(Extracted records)
————————

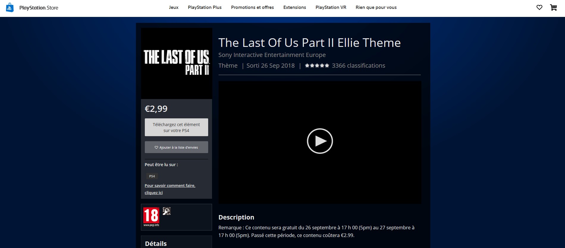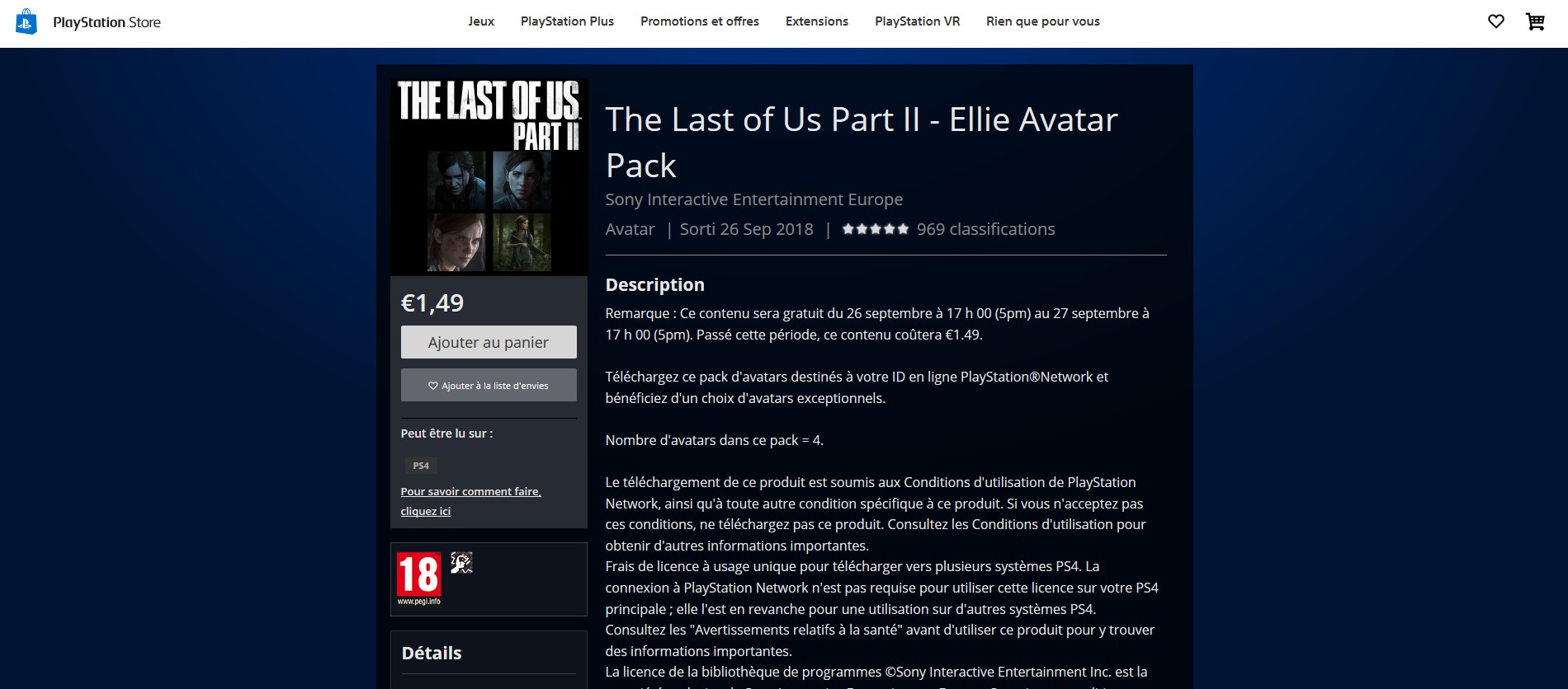 Mais ce n’est pas tout. Si vous vous rendez sur le PlayStation Store français, vous pourrez également remarquer qu’un thème et un pack d’avatars nommés « Ellie », actuellement payants, seront gratuits à partir de 17h. Ce changement sera effectif jusqu’au 27 septembre, même heure, après quoi il faudra à nouveau payer si vous voulez vous les procurer. Il s’agit en réalité du thème et des avatars de l’Outbreak Day de l’an dernier. Ainsi, si vous aviez manqué votre chance à l’époque, c’est le moment de vous rattraper.
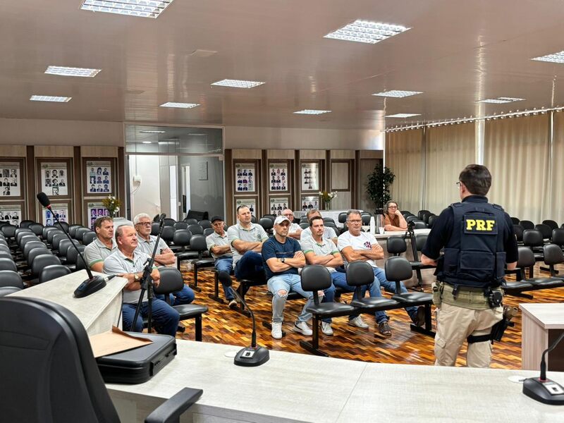 Chefe da PRF Erechim palestra para motoristas do transporte escolar de Severiano de Almeida
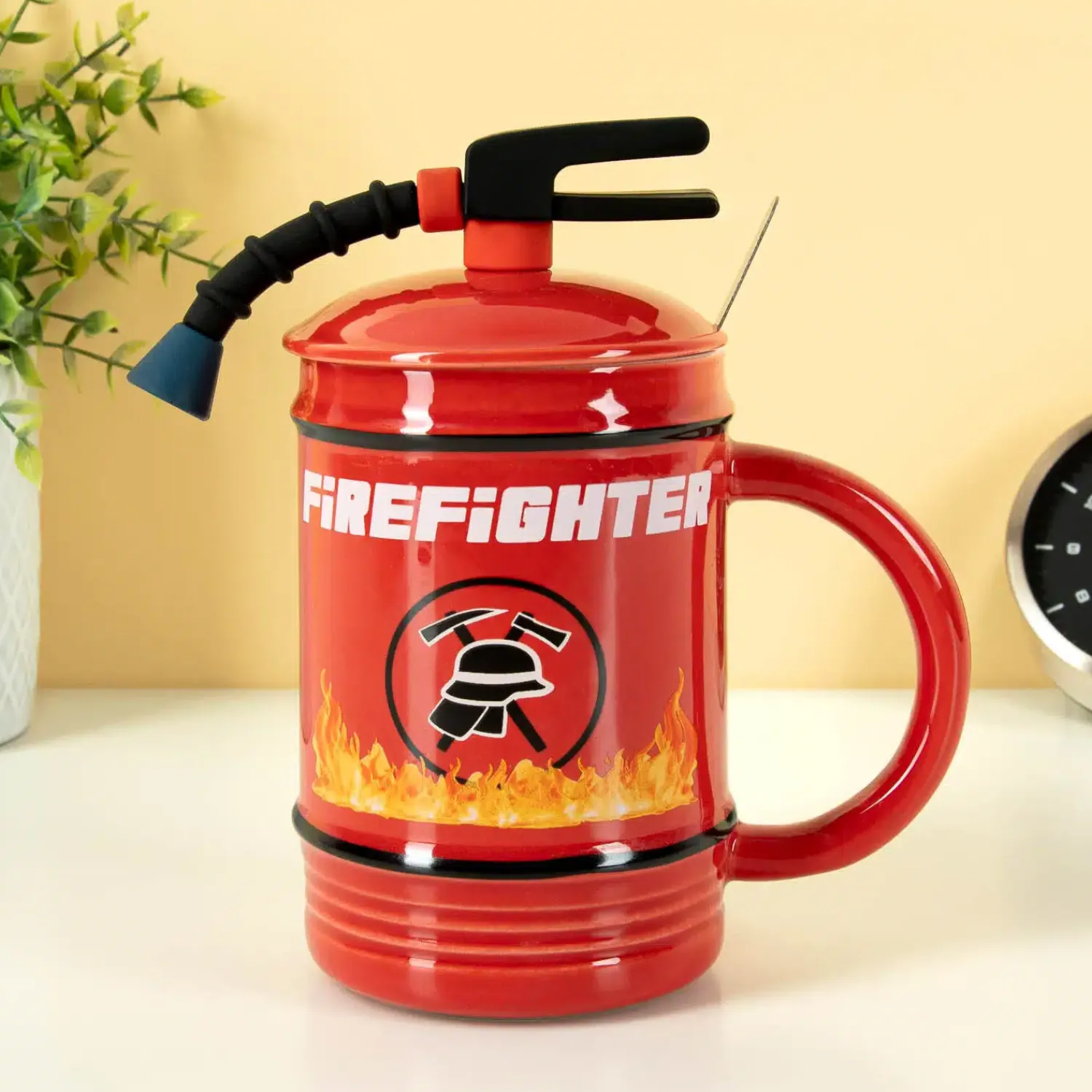 Als je bijna omkomt van de dorst, dan is er maar één oplossing: de Brandblusser mok gebruiken om je dorst te lessen. Deze unieke beker ziet eruit als een brandblusser: compleet met spuit op het deksel. Het is de perfecte mok voor fans van Chicago Fire, die graag een beker warme chocomel met slagroom willen leeglepelen. Of geef de beker aan één van de helden van je lokale (vrijwillige) brandweer of aan iemand die graag uit humoristische mokken drinkt.
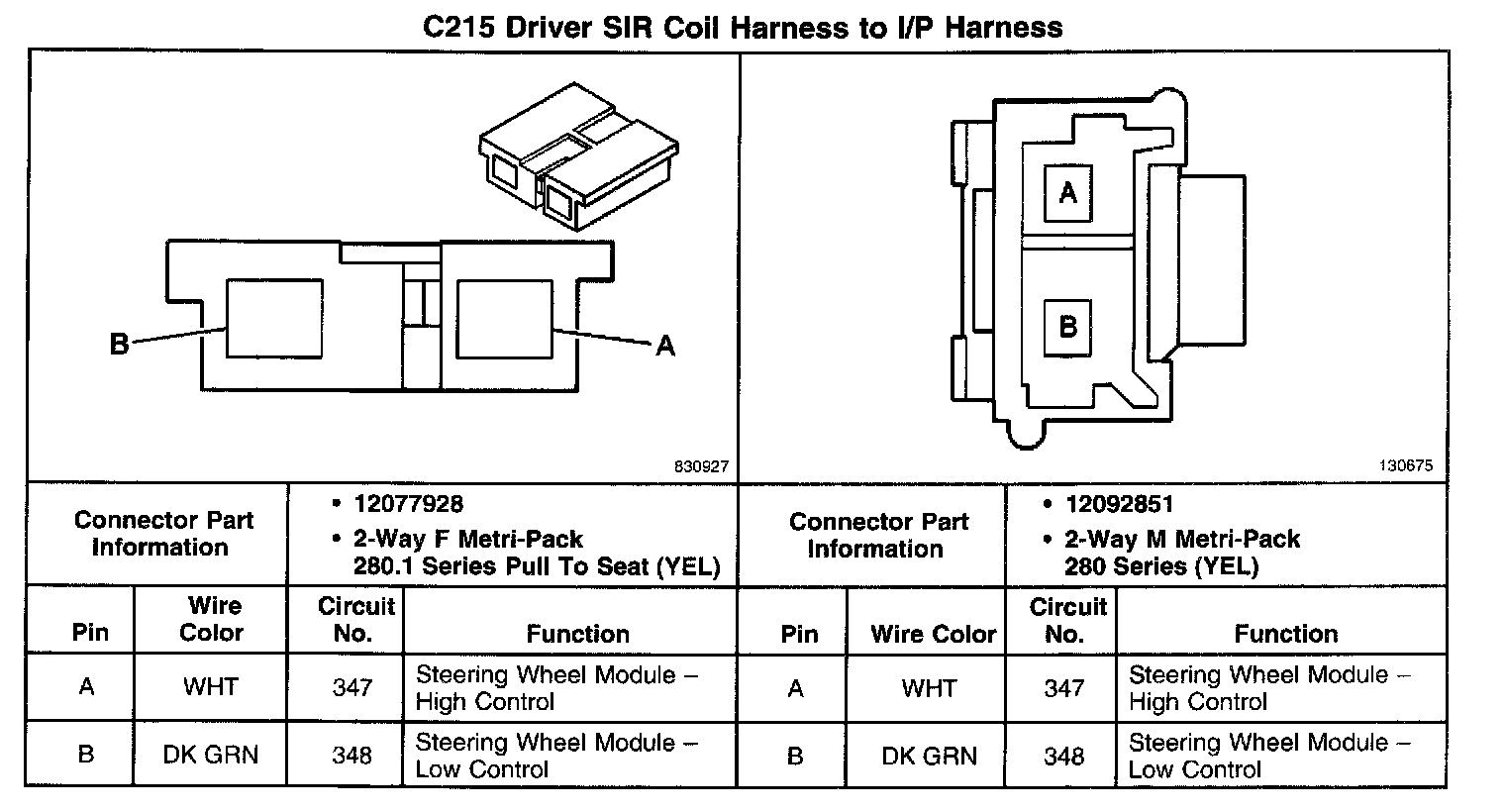 C215 Driver SIR Coil Harness To I/P Harness:
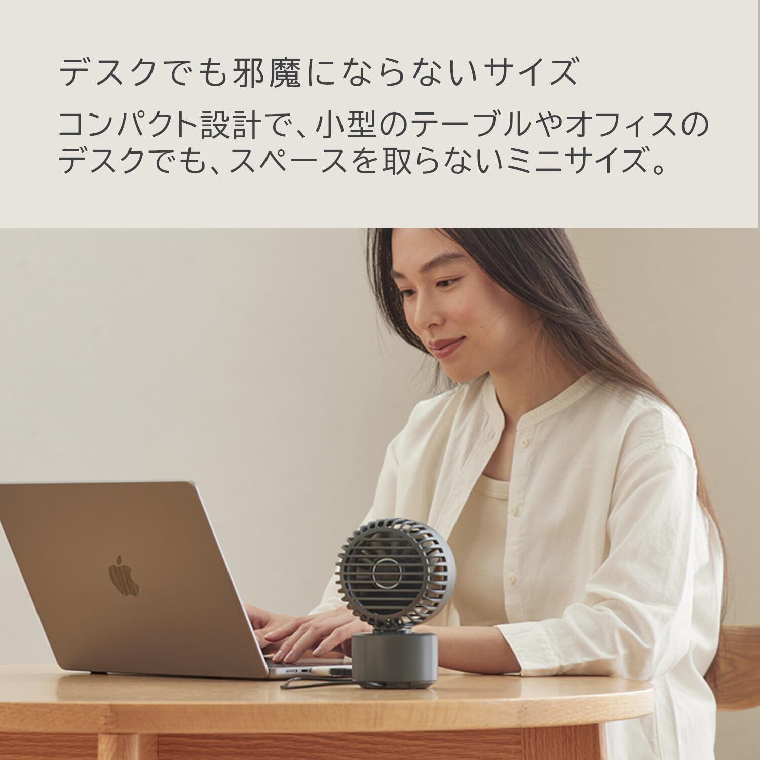 【心地よい風を生み出す左右自動首振り】左右自動首振りを採用することで、デスクトップでの風の心地よさを追求しました。風の当たる範囲を広げることで、効率よく体の熱を冷まし、直風による乾燥防止にも役立ちます。

————————

## Goal of the exercise
With the pictures dropped, write out all of the entries word for word.

## Exercise response
 Mais ce n’est pas tout. Si vous vous rendez sur le PlayStation Store français, vous pourrez également remarquer qu’un thème et un pack d’avatars nommés « Ellie », actuellement payants, seront gratuits à partir de 17h. Ce changement sera effectif jusqu’au 27 septembre, même heure, après quoi il faudra à nouveau payer si vous voulez vous les procurer. Il s’agit en réalité du thème et des avatars de l’Outbreak Day de l’an dernier. Ainsi, si vous aviez manqué votre chance à l’époque, c’est le moment de vous rattraper.
 Chefe da PRF Erechim palestra para motoristas do transporte escolar de Severiano de Almeida
 Als je bijna omkomt van de dorst, dan is er maar één oplossing: de Brandblusser mok gebruiken om je dorst te lessen. Deze unieke beker ziet eruit als een brandblusser: compleet met spuit op het deksel. Het is de perfecte mok voor fans van Chicago Fire, die graag een beker warme chocomel met slagroom willen leeglepelen. Of geef de beker aan één van de helden van je lokale (vrijwillige) brandweer of aan iemand die graag uit humoristische mokken drinkt.
 C215 Driver SIR Coil Harness To I/P Harness:
 【心地よい風を生み出す左右自動首振り】左右自動首振りを採用することで、デスクトップでの風の心地よさを追求しました。風の当たる範囲を広げることで、効率よく体の熱を冷まし、直風による乾燥防止にも役立ちます。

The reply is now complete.